二人の顔は、手のひら一枚入るほど近かった。
荒い息が互いに触れ合った。
ヨジュ「...しゅ、代表。」
ソンホは何も答えなかった。
ただヨジュをあちこち確認した。
頭。
腕。
脚。
傷はないか確かめるように。
数秒後になってようやく、彼はかろうじて口を開いた。
ソンホ「...けがはありませんか?」
その声はいつもよりずっと低く、かすかに震えていた。
ヨジュはぽかんとした顔でうなずいた。
ヨジュ「...はい。」
その言葉を聞くと、ソンホは長く息を吐いた。
まるでようやく安心したかのように。
---
社員たちが急いで駆け寄ってきた。
キム室長「代表! 大丈夫ですか?」
ソンホはゆっくり身を起こした。
その瞬間。
「代表! 腕に血が...」
ヨジュの目が大きくなった。
ソンホの右腕の袖が長く裂けていて、赤い血がゆっくり流れていた。
さっき装飾物の破片がかすって、傷つけられたのだった。
ヨジュ「...血!」
ソンホはそのとき初めて自分の腕を見下ろした。
ソンホ「...大丈夫です。」
ヨジュ「何が大丈夫なんですか!」
初めてヨジュの声が大きくなった。
ヨジュは急いで社員から救急箱を受け取ってきた。
会場の片隅。
ソンホは椅子に座っていて、ヨジュは彼の前にしゃがみ込み、慎重に傷を消毒した。
薬がしみると、ソンホの眉がほんの少し動いた。
その様子を見たヨジュが小さく言った。
ヨジュ「...痛いですか?」
ソンホ「...大丈夫です。
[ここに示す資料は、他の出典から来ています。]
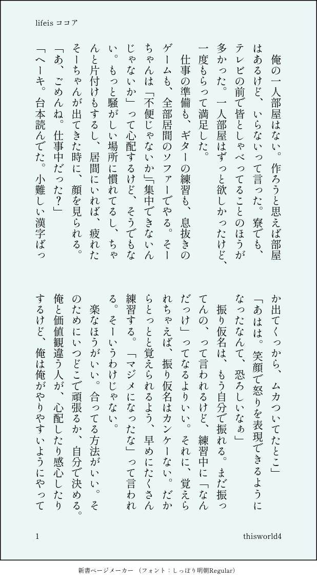 こうみ☆quiet followDONElifeis ココア ##lifeis show all(+1 images) Tap to full screen (size:618x1132).Repost is prohibited Let's send reactions! freqpopularsnackothersPayment processing Replies from the creator Follow creator you care about!☆quiet follow こうみDONE死に方を決めること 4 こうみDONEキャットウォークをつたう夜 8 こうみValentineデートはひと月後の予定 3 こうみDONE重ねた温度でうそを守って(環壮)5部配信分後の夜 3 こうみHappy New Yearステージの上で待ち合わせ(環壮) 3 こうみDONElifeis 露天風呂 2 recommended works おはなちゃんDOODLE #fnaf #らくがき #供養 こうみMEMO未成年二人だから、あまりきわどいシーンはなかったです。それどころか、途中でうとうとしちゃってたもんね。 2 こうみMEMO隠すつもりはないんだけど。周りの意見を聞いた上で、ちゃんと時間を取って、座って話したくて……。 こうみMEMOいつチャンスが来ても話せるようにしておこう。 こうみMEMO最近、油断してるとすぐ夜が明けると思ったら、もう夏至が近いんだ。僕はあまり夏の似合う男じゃないだろうけど、夏も好きだな。 2 こうみMEMO僕だって大好きな人とずっと一緒にいられたならなんて幸せだろうって、思わないわけじゃない。 2 こうみMEMOお化け屋敷のロケで泣き腫らして帰ってきた後なのに、環くんは居間で中間テストの勉強をしています。 こうみMEMOそーちゃんもこんなだったの、と訊かれたけど、どうだったかな。忘れちゃった、と正直に答えたら、また悲しそうな顔をされた。せっかくおしゃべりできたのにな。 でんなつMOURNINGフォルダにあった今までに塗った絵の線画とか下描きとか描いた時期もジャンルもしっちゃかめっちゃかやな! 17

」
ヨジュ「また大丈夫って言う。」
「...」
「代表は全然大丈夫じゃないのに、いつも大丈夫って言うんです。」
ソンホは彼女をじっと見つめた。
いつもなら「本当に大丈夫です。」と言っていただろう。
でも今は、不思議とその言葉が出てこなかった。
ヨジュは丁寧に包帯を巻きながら、ぼそりとつぶやいた。
ヨジュ「...本当に驚きました。」
「...」
「代表が来てくれなかったら...」
最後まで言い切れなかった。
指先が小さく震えていた。
その様子を見たソンホは、無意識に左手を伸ばした。
そして、とても慎重に。
ヨジュの手の甲を包み込むように握った。
ヨジュの動きが止まった。
二人の視線が重なった。
ソンホ「...よかったです。」
「...」
「無事で。」
短い一言。
だが、どんな長い文よりも真心がこもっていた。
ヨジュは胸が詰まるのを感じた。
彼女はゆっくり彼の手を握り返した。
今度は演技でもなく。
記者たちの前で見せるための行動でもなかった。
ただ互いのぬくもりを確かめるように、しばらく手を離さなかった。
その瞬間。
二人とも口には出さなかったが、同じことを考えていた。